10 July 2020

IMHO. 'Haikara-san ga tooru' ~ Sasha, malinka and vodka

This is already a symptom and not a coincidence: the in-between animators are modern youngsters, they don't want to to sit in the studio office and slave away until midnight like people did in Ghibli, they want to go home early and have a life.
I'm joking, of course, but here's the result: despite being 'gekijouban', or 'theatrical movie', 'Haikara' is no Ghibli, and the in-between animation is so poor it seems Ranmaru is shaking with convulsions when he's supposed to be performing a traditional Japanese dance, where 'traditional' inevitably means graceful and smooth. Compared to the beautiful, but static backgrounds, moving sprites in less important scenes are just as awful as they were in TV series from 90s with a very limited budget and very limited production time.
I am surely getting repetitive, but how can I pretend I don't see it when I do: Benio is already beyond the first dozen in my list of shoujo Heroines possessing the same traits:
positive and cheerful - check
tomboyish, fights and climbs up trees though she's not supposed to - check
clumsy in everyday life, poor at household chores and bad at studying - check
capable of a profound feeling - check
has at least one or even a whole harem of boys falling in love with her, but choosing her only one - check
finds happiness even after something devastating happens - check
This may be still continued.
There's one more common trait I haven't yet mentioned in the list which is the one that makes me instantly disappointed:
No, you don't have to change your mind and suddenly start doing your best in something you weren't initially interested in every time somebody points out you can't do it.
We must remember that the original manga and TV series were created in 70s when this kind of shoujo was a standard. And while the original TV series may be watched as a specimen of its own kind, the new 'Haikara' is nothing more than a very unskilled attempt to pack a very long manga into a little more than 3 hours, which is the length of 2 movies combined.
Certain moments introducing an element of humour made 'Haikara' watchable, thanks to the level of their absurdity.
However, fun doesn't make up for everything else, and inserting old songs re-recorded as instrumentals does not instantly make the new anime classic.
'Haikara' has probably one of the highest concentration of stereotypes per a unit of time. Not only Benio is that typical shoujo Heroine, but everything that happens to her seems to be taken from some kind of 'how to write a shoujo' manual, and under a condition that anyone who fails to follow the instruction wouldn't be published.
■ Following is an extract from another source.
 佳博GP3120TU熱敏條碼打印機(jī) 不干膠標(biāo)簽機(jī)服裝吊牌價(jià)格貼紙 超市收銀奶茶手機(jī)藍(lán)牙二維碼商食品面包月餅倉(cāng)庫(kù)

Of course, her beloved regains his memory, and of course there's some woman fatally ill or hurt whose side he cannot leave, and of course the Heroine wouldn't want that woman to suffer, so she decides to break up, and of course she pretends she loves another good guy, but of course that's not true, and of course he understands because he's such a good guy, of course another woman conveniently dies and of course a happy ending follows. Wait, I know a story that didn't have that convenient ending. Well, at least something is different in those old shoujos.
Why did you bother at all to hire such nice voice actors, I wonder, Nippon animation? I mean, you didn't give a damn about animation, story, characters even - so why Miyano and Hayami? Kazuya Nakai and Kenta Miyake, voicing the two favourite characters of mine - just because they weren't as predictable and were real fun, were particularly impressive. Others were pretty good too.
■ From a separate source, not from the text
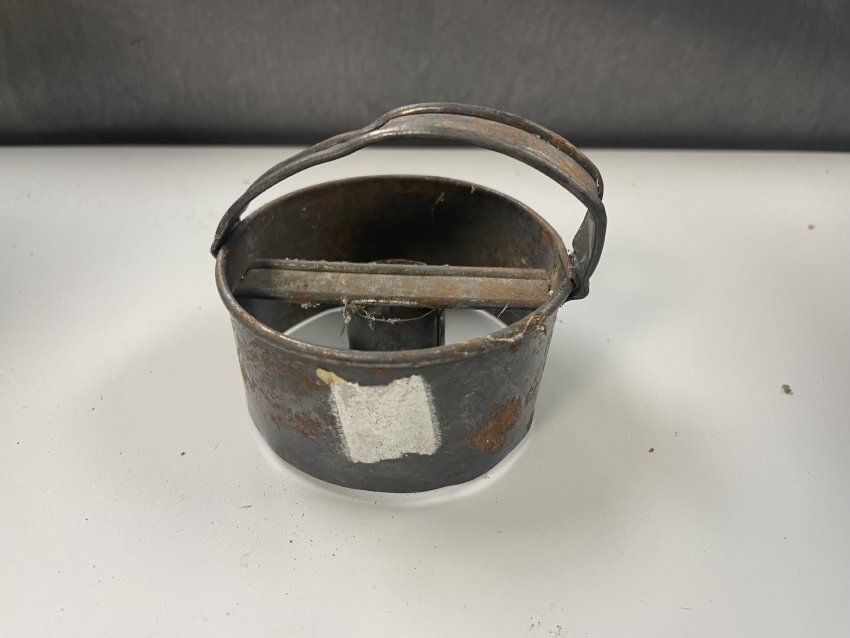 Metal Donut Cutter. Early 1920's-1950's. Small metal donut cutter to cut the dough-cutter has a round part in the middle to also cut the donut hole. Handle has had some damage. Doughnut cutter.

My guess is - there was no money left. Maybe you can turn to crowdfunding, dear Nippon animation?
By the way, Vodka again - that hurts. I mean it, stop mentioning it whenever Russia is discussed. It's not funny already. Well, I'm grateful they didn't write ВОЛКА instead.
By the way, there is no such flower as 'malinka', which is an affectionate-diminutive form of 'malina', which stands for 'raspberry' and generally means either berries or the plant itself. I'm actually not sure what kind of raspberry is mentioned here, but there seems to be a smaller kind of raspberry called 'Manchurian' or 'Tibetian'. And even then, it's not the thing that Russians call 'malinka'.
I also doubt a member of aristocracy would be called by his short name Sasha by his aristocrat wife speaking about him to a third party.
And no, they didn't wear thick coats or hats with fur in summer. Even in Irkutsk.